Upgrading the clutch assembly to the new "slipper" hardware gives you the opportunity to replace the old clutch hub with a new "drilled" version, which oils the clutch plates better. I believe the existing clutch hub could be drilled to resemble the new "drilled" version for the same benefit, but feel free to use the Yamaha upgraded clutch hub. You will need to log in to the site to see the pix: http://www.fjrowners.com/forums/970490-post11.html
Re: Clutch Question
Posted: Sun Jun 18, 2017 9:38 am
by gixxerjasen
Don't forget mcatrophy's writeup on the soak procedure. Same as a cleanup procedure really.
At 120k it might also be time for new plates. It's all pretty easy though, after all...

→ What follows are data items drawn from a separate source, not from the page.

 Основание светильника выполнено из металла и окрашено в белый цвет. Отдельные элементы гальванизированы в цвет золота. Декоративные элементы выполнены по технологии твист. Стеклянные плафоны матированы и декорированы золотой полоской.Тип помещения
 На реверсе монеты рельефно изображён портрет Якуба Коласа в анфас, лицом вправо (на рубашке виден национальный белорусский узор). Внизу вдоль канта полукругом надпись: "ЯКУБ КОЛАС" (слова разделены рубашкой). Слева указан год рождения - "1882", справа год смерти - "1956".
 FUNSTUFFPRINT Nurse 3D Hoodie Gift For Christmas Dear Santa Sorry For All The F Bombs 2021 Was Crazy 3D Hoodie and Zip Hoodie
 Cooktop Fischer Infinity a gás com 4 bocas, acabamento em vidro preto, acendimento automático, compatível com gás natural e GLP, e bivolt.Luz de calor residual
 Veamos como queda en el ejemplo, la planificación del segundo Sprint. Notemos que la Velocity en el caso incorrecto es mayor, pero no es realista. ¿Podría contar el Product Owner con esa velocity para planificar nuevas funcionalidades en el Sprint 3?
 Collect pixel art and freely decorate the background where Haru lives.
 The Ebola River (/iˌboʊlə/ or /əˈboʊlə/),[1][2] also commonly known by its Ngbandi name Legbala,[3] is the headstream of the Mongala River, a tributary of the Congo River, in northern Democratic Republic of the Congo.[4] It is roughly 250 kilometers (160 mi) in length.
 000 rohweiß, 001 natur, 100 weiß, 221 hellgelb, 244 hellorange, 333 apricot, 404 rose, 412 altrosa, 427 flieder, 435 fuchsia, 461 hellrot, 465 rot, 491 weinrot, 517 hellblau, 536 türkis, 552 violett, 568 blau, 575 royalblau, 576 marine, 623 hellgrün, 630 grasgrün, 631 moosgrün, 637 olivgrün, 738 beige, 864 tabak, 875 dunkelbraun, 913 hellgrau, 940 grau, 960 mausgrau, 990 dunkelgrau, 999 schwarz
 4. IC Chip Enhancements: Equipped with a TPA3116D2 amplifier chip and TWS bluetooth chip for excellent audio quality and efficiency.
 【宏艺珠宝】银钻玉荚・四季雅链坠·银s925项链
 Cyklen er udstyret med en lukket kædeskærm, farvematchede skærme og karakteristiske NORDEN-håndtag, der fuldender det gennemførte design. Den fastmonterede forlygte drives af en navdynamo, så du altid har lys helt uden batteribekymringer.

Changing a clutch is so easy even a six year old can do it.
Re: Clutch Question
Posted: Tue Jun 20, 2017 1:10 pm
by Steel_Gin
I had the same problem on my '12 the first and second year I had it; yes two clutch soaks under warranty. What I wish I had known was already suggested and I haven't had a problem since, it also would have avoided taking it apart twice.
Let it warm up to one bar, pull the clutch in, rev to about 3k three or four times, release the clutch, pull the clutch back in and put it in gear. I haven't had a problem since.
If the problem comes back a slipper clutch will be installed.